Тот даже головой не кивнул, взор его уперся в дальние холмы, где Десна встречалась со своим братом, могучим Словутичем.

– Прими этого щенка, – протянул Бурчимуха своему спасителю волчонка.

Волчонок озлобленно вырывался, пытаясь укусить. Меченые посадили его в пустой колчан, он и там тявкал и царапался.

Хмурый Буслай, с набрякшими за ночь глазами и безжизненно повисшими усами, зашел с другой стороны, стал на одно колено, склонил голову перед всадниками.

Витязь поднял руку, вздыбился его буланый конь, захрапел. Распахнулось на груди безбородого белое корзно, взвилось за спиной, и блеснул на кафтане золотой кметский знак – дубовый лист. Отдохнувшие кони охотно пустились в путь.

– Да проснись же ты, дохлая свинья, колода дубовая! – колотил Тороп по спине Улеба. – Яромир, очнись! У нас был Златолист! Каково?

Доброгаст поднялся и пристально смотрел вслед удаляющемуся отряду.

СТОЛЬНЫЙ ГРАД

Будьте навеки прокляты, духи, обитающие в степи, в каждом пыльном кусте, в каждом древнем кургане, на каждой бесконечно длинной дороге…

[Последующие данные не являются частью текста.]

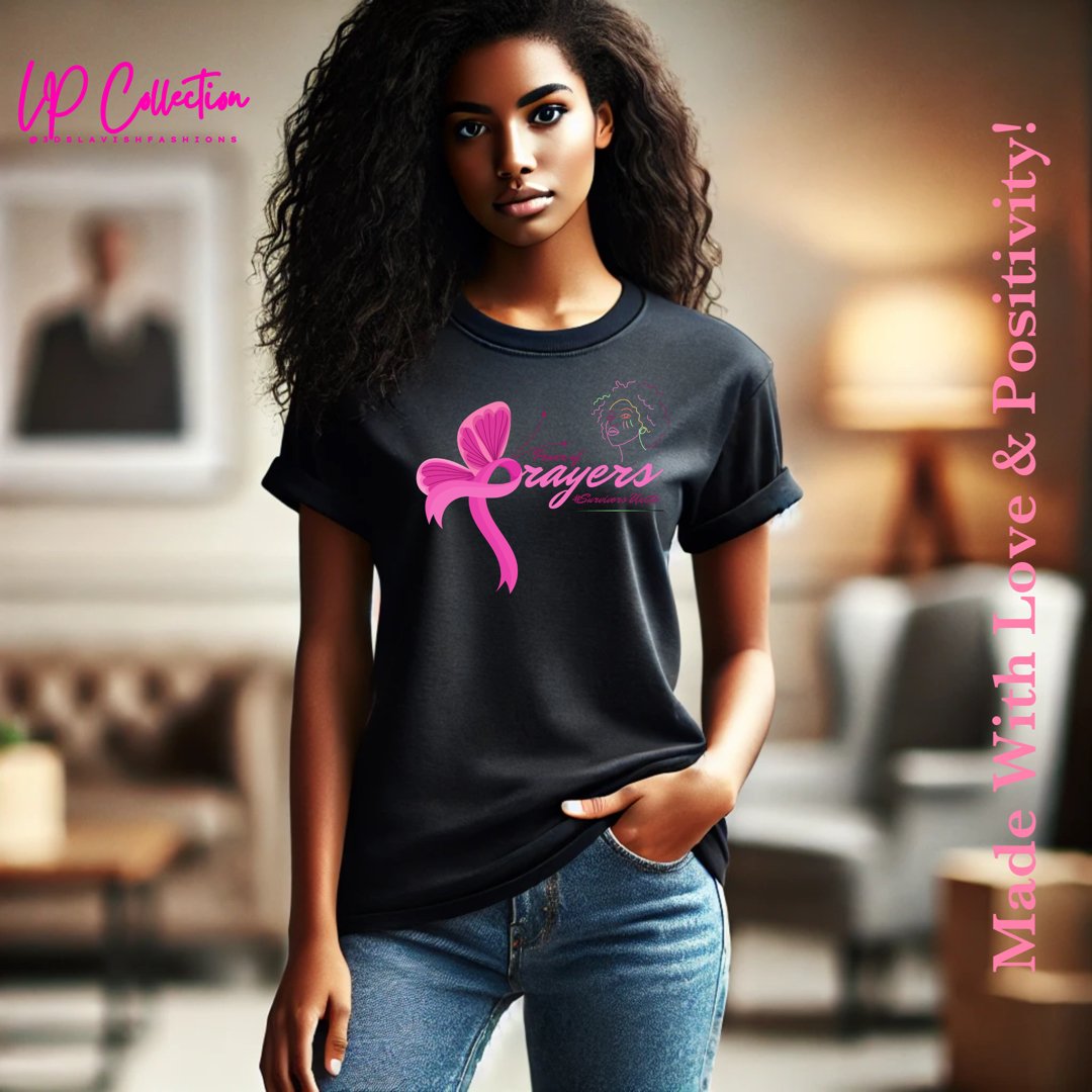 Introducing the Power of Prayers custom tee, a symbol of strength, unity, and hope from the LP Health Awareness Collection. Designed for all survivors and supporters, this stylish tee features a vibrant pink ribbon intertwined with a butterfly—representing transformation, healing, and the beauty of survival. The bold statement "Power of Prayers" alongside the hashtag #SurvivorsUnite showcases the strength found in unity and the belief in the power of community.

Доброгаст изнемогал от усталости. Много дней уже он брел по степи, стараясь не приближаться к селениям, оставляя в стороне безлюдные дороги, по которым, посвечивая красными нагрудными петлицами, рыскали княжеские мечники. Он почти ничего не ел. Только яйца дрофы, найденные в зарослях дикой вишни, немного подкрепили его. Яйца были большие, темные с желтоватыми пятнами, очень вкусные и после них захотелось пить. Будто раскаленные угли жгли горло, но воды поблизости не было. Казалось, все – и гулкое небо, и земля, населенная звенящим, стрекочущим миром, – замерло в ожидании благодатного освежающего ливня. Только дорога пылила сухим прахом.

Доброгаст рвал траву, ту, которая пониже, попрохладней, жевал ее, чтобы обмануть себя, но это мало помогало. Он сплевывал зеленую слюну, рвал другую траву и упрямо продолжал шагать по бугристому бездорожью.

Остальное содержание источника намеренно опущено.